In an article in Vostochno-Sibirskaya Pravda last week, Elena Trifonova describes some of the acrobatics they are going through. Officials have come up with a draft concept paper but have not yet worked out all the details, she says, with both Russian and Buryat advocates pushing one way and then another.
Sergei Kozhenkov, who oversees nationality issues for the governor, says that the reigon needs a conceptin “in order to precisely define how the government views naitonalitiy policy. At present, he told the journalist, there is little little “clarity on this question,” despite its importance because “nationality policy in the oblast is part of the national security of the country.”
Arguing that “there is a nationalitiy question in the country although it does not constitute a nationality problem,” Vladimir Bukhantsov, one of the experts who is working on the concept paper, says that it rests on the general idea that “according to the constitution, neither nationality, nor religion, nor race gives someone the right to live by his own laws”
And he suggested that three operational principles that follow from this. First, no one should allow any ethnic group or diaspora to live in isolation from the broader community. Everyone who lives in the oblast is “first of all a citizen of the Russian Federation, then a representative of the regional society, and only third, a representative of a particular nationality.”
Second, he said, “all nationalities must have equal rights and equal responsibilities,” including the Russian. Nationality policy must be about everyone, about the preservation and advancement of culture. Thus, nationality policy must focus on the Russian community in particular rather than neglect it as has been the case earlier.
And third, Bukhantsov continued, the government must support those institutions which support ethnic culture and identity. In the Russian case, he argued, that means the government must support the continued existence of villages which form the foundation of Russian national identity, rather than assuming that propaganda is enough.
Yet another aspect the region is wrestling with is reaching out to diasporas that have their origins on it sterritory. Among them are the 1917 and 1990, Irkutsk diasporas in Australia and New Zealand, and the even older diaspora in Crimea, where there is already an active Landsmannschaft organization for Sibiryaks.
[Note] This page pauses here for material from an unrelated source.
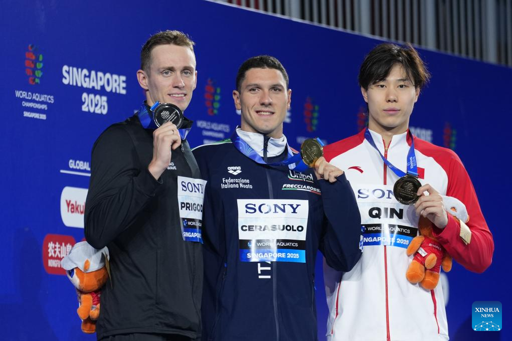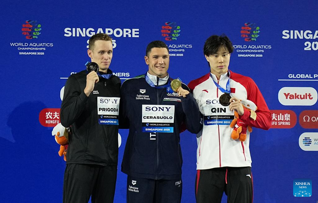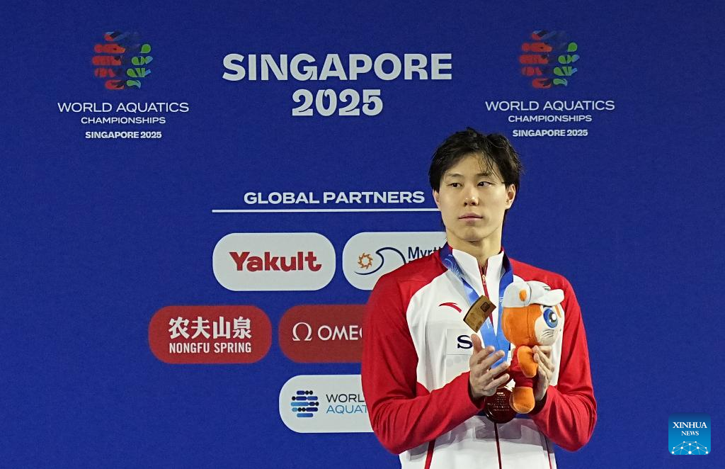 Bronze medalist Qin Haiyang of China is seen during the awarding ceremony for the men's 50m breaststroke final of swimming at the World Aquatics Championships in Singapore, July 30, 2025. (Xinhua/Xia Yifang)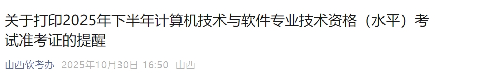 官方通知!山西2025下半年计算机软考准考证打印提醒!

But Vostochno-Sibirskaya Pravda notes that the oblast may not have the funds to do all of these things: the budget line for “nationality question” issues was cut this year from approximately 10 million rubles (420,000 U.S. dollars) to 2.5 million, at precisely the time that Irkutsk assumed bigger responsibilities.
And a third way in which ethnic minorities are presenting challenges to Russian regions is by their increasing political savvy and activism. Rinat Mageyev, a leader of the Tatar community of St. Petersburg, described to Islamrf.ru this week how his group is becoming more active (www.islamrf.ru/articles.php?razdel=1&sid=3050).
One of the reasons the community has become more active is because it is simply larger. In 1991, there were only 45,000 Tatars in the northern capital; now, there are 300,000. While they do not have as many organizations as some other ethnic groups, they have a newspaper, a local autonomy, and many social and political activities.
Perhaps most important they have been able to establish close working relation with the city’s administration, Mageyev says, thanks to the “particular popularity” Tatarstan President Mintimir Shaimiyev enjoys with top people in the city. And consequently, the local leader continues, the community is able to get much that it wants without public action.
Some of the city’s younger Tatars are being assimilated, he acknowledged, a regrettable fact of life that he said is pushing his group to become even more active and to see greater support from the government in St. Petersburg and from the the one in Kazan, yet another way in which ethnicity is playing an expanded role in traditionally Russian regions.